## Material for this task
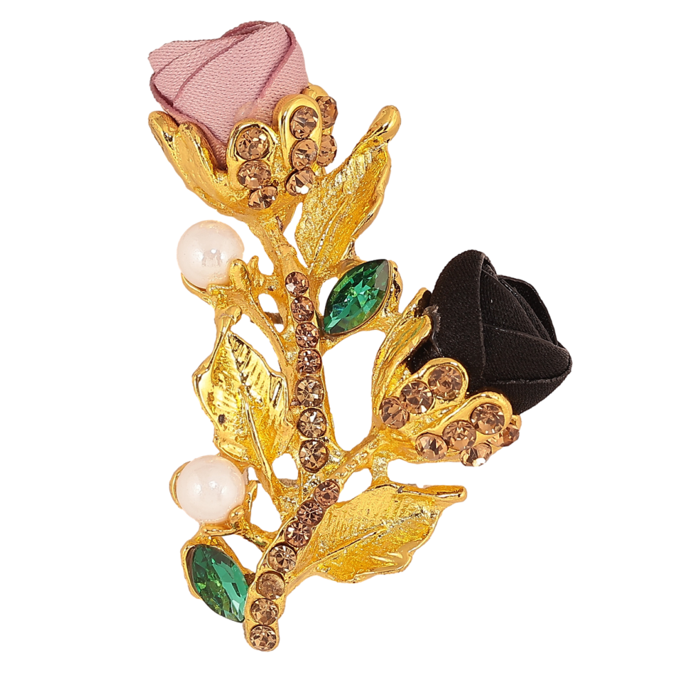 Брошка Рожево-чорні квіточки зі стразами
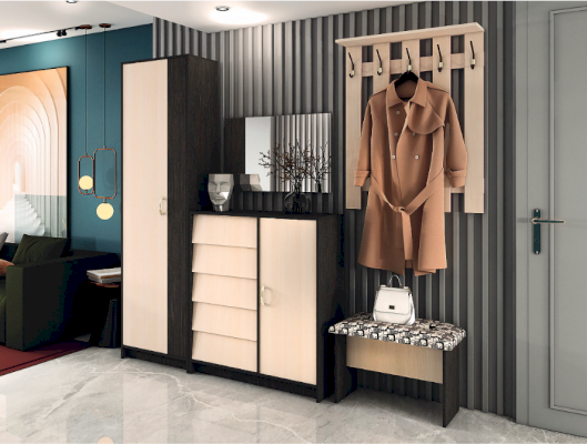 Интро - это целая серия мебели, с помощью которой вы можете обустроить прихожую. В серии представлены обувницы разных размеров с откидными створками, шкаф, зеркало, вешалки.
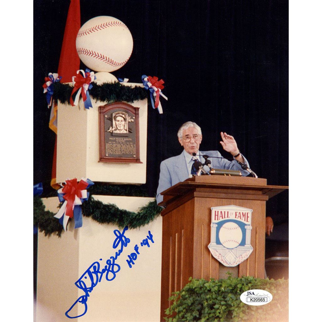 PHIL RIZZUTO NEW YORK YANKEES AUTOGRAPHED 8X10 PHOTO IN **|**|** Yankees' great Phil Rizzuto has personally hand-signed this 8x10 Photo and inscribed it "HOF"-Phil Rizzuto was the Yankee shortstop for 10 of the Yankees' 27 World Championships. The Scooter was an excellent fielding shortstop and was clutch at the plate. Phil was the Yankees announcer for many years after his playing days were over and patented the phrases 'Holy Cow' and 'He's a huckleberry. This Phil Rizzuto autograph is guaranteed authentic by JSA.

---

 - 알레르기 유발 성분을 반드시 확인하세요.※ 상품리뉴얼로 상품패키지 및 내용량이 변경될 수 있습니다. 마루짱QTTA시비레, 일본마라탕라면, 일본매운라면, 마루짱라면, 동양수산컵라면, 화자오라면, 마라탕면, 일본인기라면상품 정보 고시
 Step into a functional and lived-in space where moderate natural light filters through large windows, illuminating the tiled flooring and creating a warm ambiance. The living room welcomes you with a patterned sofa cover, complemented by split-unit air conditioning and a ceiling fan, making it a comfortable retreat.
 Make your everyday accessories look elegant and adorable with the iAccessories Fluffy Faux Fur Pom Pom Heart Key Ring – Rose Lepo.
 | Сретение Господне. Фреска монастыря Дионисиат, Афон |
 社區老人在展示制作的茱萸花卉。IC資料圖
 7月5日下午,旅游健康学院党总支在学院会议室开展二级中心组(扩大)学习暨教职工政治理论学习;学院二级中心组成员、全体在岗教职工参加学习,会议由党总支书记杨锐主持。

...

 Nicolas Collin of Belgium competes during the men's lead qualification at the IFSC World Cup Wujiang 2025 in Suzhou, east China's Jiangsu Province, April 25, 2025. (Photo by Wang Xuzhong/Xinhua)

## Your instructions
What to print is the stretch of entries from the line with "Брошка Рожево-чорні квіточки зі стразами" up to and including the line with "Интро - это". Please print it exactly and leave out the pictures.

## Answer to this exercise
 Брошка Рожево-чорні квіточки зі стразами
 Интро - это целая серия мебели, с помощью которой вы можете обустроить прихожую. В серии представлены обувницы разных размеров с откидными створками, шкаф, зеркало, вешалки.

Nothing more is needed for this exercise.